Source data
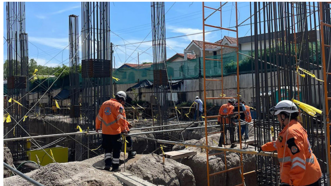
Un derrumbe en una construcción del bulevar Orden de Malta, Santa Elena, Antigua Cuscatlán, deja un fallecido y 12 lesionados.
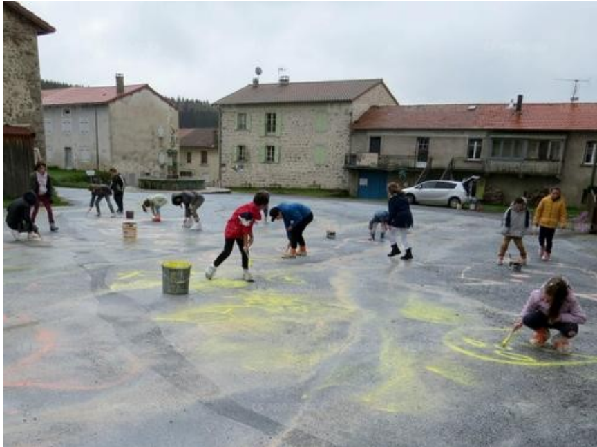
Répartis en différents groupes, les écoliers ont tenté de peindre la couette du géant. La pluie a apporté sa touche à cette œuvre monumentale dessinée dans les rues et places du Bourg par Ella & Pitr.

Ella & Pitr sont deux artistes stéphanois qui travaillent ensemble depuis 16 ans. Experts dans le monde de l'art urbain, ils peignent sur les murs, les sols et les toits. Depuis 2019, ils détiennent même le record de la plus grande œuvre figurative. Une fresque de 25 000 m 2 , peinte sur la toiture du Parc-Expo à Paris, intitulée Quel temps fera-t-il demain ?
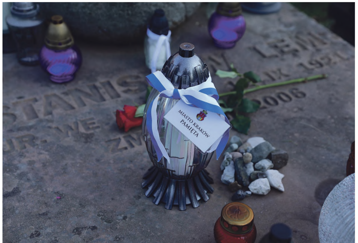
Znicze z napisem „Miasto Kraków pamięta” zapłoną na wielu grobach osób zasłużonych dla Krakowa.
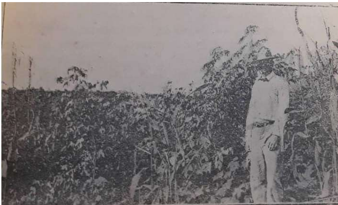
Algodoeiros de um ano de idade, Chapada do Apodi.

Esse conjunto imagético compunha a narrativa técnica dos engenheiros, dava mais vida aos dados numéricos e explicações escritas para justificar as obras feitas tanto nos sertões do Rio Grande do Norte. É perceptível também a presença dos engenheiros nas fotografias e dos instrumentos de trabalho cotidianos como as máquinas de perfurar poços, ao mesmo tempo em que a paisagem sertaneja descortinava-se ao fundo. Gilmar Arruda, que estudou os relatórios dos engenheiros, considera que essa documentação servia como propaganda, produzindo imaginários sociais sobre o espaço e legitimando a ação governamental. 38
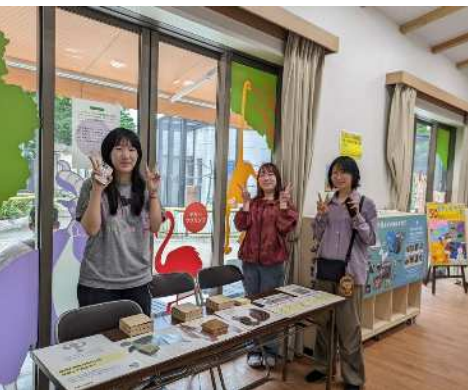
はたらくらす×慶應義塾大学留学生の コラボワークショップ
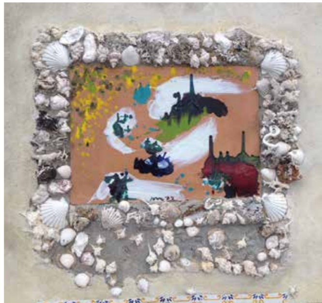
Asger Jorn, Privat foto.

>> og vitalitet er de bærende og naturlige tilgange og et samtidigt fundament for kunsten. Planlægning og ord flytter ikke noget, snarere vil de låse inspirationen fast og ødelægge den skabende proces.
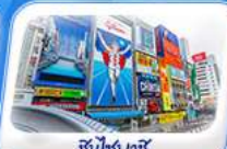
ชินไซบาชิ
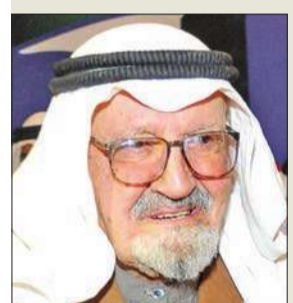
بدر خالد البدر القناعي

شيعت الكويت أمس أحد رجالاتها وروادها الأوائل، وأول طيار كويتي يحصل على رخصة طيران خاصة، وصاحب الفضل في إنشاء وإصدار جريدة «الكويت اليوم»، العم بدر خالد البدر القناعي، الذي وافقه المنية عن عمر يناهز 103 أعوام.
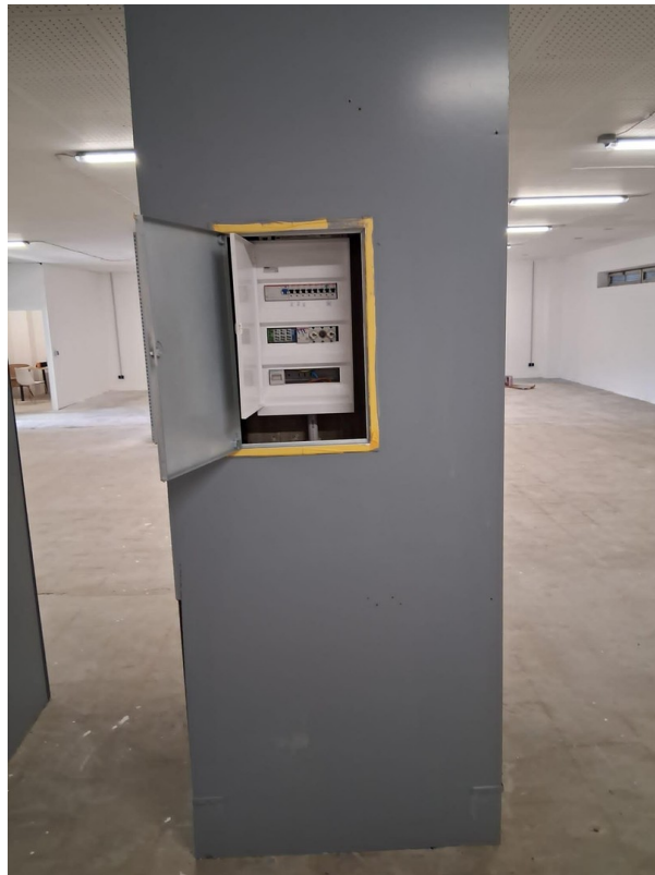
Halle im Erdgeschoss

- [INSTRUCTIONS TO FOLLOW] Copy out all the data exactly. No images belong in the copy.

- [OUTPUT FOR THIS TASK]
Un derrumbe en una construcción del bulevar Orden de Malta, Santa Elena, Antigua Cuscatlán, deja un fallecido y 12 lesionados.
Répartis en différents groupes, les écoliers ont tenté de peindre la couette du géant. La pluie a apporté sa touche à cette œuvre monumentale dessinée dans les rues et places du Bourg par Ella & Pitr.

Ella & Pitr sont deux artistes stéphanois qui travaillent ensemble depuis 16 ans. Experts dans le monde de l'art urbain, ils peignent sur les murs, les sols et les toits. Depuis 2019, ils détiennent même le record de la plus grande œuvre figurative. Une fresque de 25 000 m 2 , peinte sur la toiture du Parc-Expo à Paris, intitulée Quel temps fera-t-il demain ?
Znicze z napisem „Miasto Kraków pamięta” zapłoną na wielu grobach osób zasłużonych dla Krakowa.
Algodoeiros de um ano de idade, Chapada do Apodi.

Esse conjunto imagético compunha a narrativa técnica dos engenheiros, dava mais vida aos dados numéricos e explicações escritas para justificar as obras feitas tanto nos sertões do Rio Grande do Norte. É perceptível também a presença dos engenheiros nas fotografias e dos instrumentos de trabalho cotidianos como as máquinas de perfurar poços, ao mesmo tempo em que a paisagem sertaneja descortinava-se ao fundo. Gilmar Arruda, que estudou os relatórios dos engenheiros, considera que essa documentação servia como propaganda, produzindo imaginários sociais sobre o espaço e legitimando a ação governamental. 38
はたらくらす×慶應義塾大学留学生の コラボワークショップ
Asger Jorn, Privat foto.

>> og vitalitet er de bærende og naturlige tilgange og et samtidigt fundament for kunsten. Planlægning og ord flytter ikke noget, snarere vil de låse inspirationen fast og ødelægge den skabende proces.
ชินไซบาชิ
بدر خالد البدر القناعي

شيعت الكويت أمس أحد رجالاتها وروادها الأوائل، وأول طيار كويتي يحصل على رخصة طيران خاصة، وصاحب الفضل في إنشاء وإصدار جريدة «الكويت اليوم»، العم بدر خالد البدر القناعي، الذي وافقه المنية عن عمر يناهز 103 أعوام.
Halle im Erdgeschoss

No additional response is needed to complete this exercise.